- _What you are asked to do_
Any pictures in the records below must be left out when you repeat the lines from the line containing "Deze goudkleurige zon-oorbellen" through the line containing "N/A CBB61 - Condensatore" exactly.

- _Provided entries_
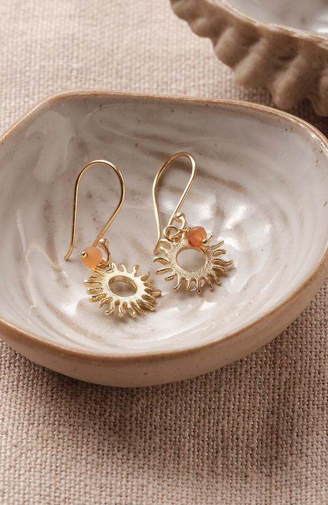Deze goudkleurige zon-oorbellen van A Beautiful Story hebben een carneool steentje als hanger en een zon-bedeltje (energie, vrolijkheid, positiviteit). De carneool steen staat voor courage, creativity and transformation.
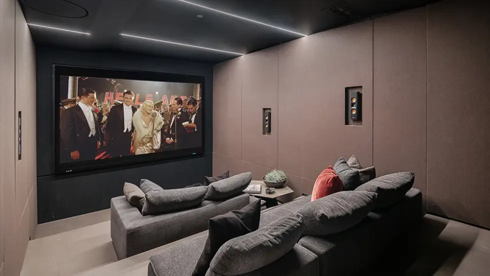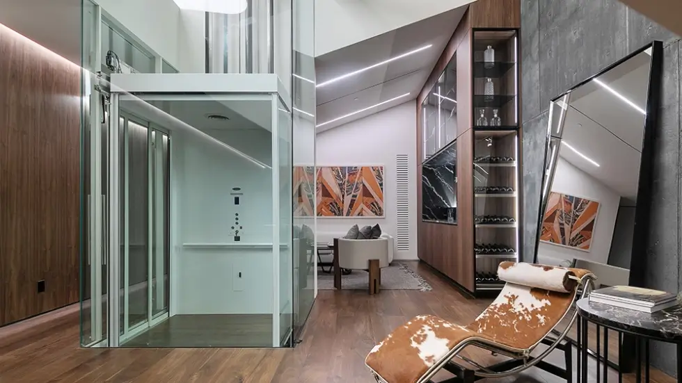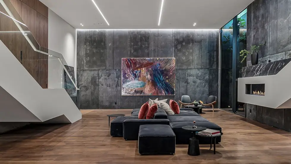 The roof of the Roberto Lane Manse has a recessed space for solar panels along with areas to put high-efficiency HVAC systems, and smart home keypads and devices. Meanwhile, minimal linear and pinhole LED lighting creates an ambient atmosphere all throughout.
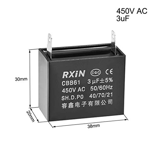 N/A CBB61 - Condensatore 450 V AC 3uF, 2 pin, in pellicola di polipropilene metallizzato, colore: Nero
---
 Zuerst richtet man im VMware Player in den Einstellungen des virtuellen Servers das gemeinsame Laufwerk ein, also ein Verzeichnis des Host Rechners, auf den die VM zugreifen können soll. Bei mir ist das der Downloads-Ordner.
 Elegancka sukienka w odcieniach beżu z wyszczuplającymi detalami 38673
--
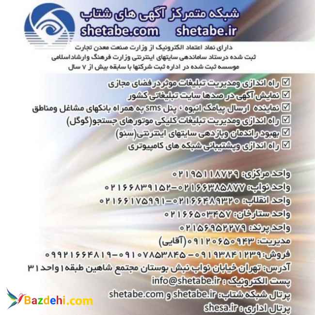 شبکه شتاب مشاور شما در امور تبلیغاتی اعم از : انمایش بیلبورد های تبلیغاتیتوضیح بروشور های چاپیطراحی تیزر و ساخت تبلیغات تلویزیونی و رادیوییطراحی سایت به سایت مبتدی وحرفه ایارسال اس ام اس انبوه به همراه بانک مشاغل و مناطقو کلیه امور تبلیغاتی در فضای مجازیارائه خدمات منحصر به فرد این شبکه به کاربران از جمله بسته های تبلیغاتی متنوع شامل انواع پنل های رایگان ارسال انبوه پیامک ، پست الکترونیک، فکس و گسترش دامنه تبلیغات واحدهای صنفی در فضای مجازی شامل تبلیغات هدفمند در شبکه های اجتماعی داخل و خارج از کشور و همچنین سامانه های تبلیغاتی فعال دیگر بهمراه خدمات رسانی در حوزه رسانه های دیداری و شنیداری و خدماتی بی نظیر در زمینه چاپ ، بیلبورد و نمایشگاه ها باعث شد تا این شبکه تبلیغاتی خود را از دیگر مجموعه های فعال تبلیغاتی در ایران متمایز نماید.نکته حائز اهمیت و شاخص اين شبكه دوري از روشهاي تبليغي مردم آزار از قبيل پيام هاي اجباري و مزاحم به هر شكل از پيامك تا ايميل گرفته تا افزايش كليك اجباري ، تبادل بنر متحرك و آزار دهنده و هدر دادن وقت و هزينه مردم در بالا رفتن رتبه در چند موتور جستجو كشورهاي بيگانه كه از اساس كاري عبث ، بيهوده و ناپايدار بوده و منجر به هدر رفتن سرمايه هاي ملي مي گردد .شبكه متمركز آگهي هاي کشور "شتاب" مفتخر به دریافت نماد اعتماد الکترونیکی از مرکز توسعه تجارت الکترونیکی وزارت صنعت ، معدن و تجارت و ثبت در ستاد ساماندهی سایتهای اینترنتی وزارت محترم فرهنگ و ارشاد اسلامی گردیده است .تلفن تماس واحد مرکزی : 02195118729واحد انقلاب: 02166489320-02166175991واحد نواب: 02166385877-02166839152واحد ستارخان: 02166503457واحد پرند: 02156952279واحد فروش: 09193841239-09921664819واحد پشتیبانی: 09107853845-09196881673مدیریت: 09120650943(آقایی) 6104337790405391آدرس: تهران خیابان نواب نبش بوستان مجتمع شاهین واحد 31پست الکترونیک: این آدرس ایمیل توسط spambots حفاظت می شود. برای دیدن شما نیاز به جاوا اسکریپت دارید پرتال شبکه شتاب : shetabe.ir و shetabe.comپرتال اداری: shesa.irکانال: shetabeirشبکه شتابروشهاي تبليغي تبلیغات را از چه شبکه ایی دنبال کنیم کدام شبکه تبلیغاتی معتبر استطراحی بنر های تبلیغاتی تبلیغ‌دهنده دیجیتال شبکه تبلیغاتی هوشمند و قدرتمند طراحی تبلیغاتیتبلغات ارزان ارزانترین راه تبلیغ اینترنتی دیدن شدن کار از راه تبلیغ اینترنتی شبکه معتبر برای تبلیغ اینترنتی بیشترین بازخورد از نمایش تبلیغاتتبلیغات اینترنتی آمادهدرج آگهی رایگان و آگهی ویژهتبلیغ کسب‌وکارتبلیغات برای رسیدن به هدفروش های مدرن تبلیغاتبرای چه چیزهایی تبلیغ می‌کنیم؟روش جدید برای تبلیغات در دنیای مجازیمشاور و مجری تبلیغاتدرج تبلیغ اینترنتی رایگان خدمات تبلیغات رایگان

- _Final answer_
Deze goudkleurige zon-oorbellen van A Beautiful Story hebben een carneool steentje als hanger en een zon-bedeltje (energie, vrolijkheid, positiviteit). De carneool steen staat voor courage, creativity and transformation.
 The roof of the Roberto Lane Manse has a recessed space for solar panels along with areas to put high-efficiency HVAC systems, and smart home keypads and devices. Meanwhile, minimal linear and pinhole LED lighting creates an ambient atmosphere all throughout.
 N/A CBB61 - Condensatore 450 V AC 3uF, 2 pin, in pellicola di polipropilene metallizzato, colore: Nero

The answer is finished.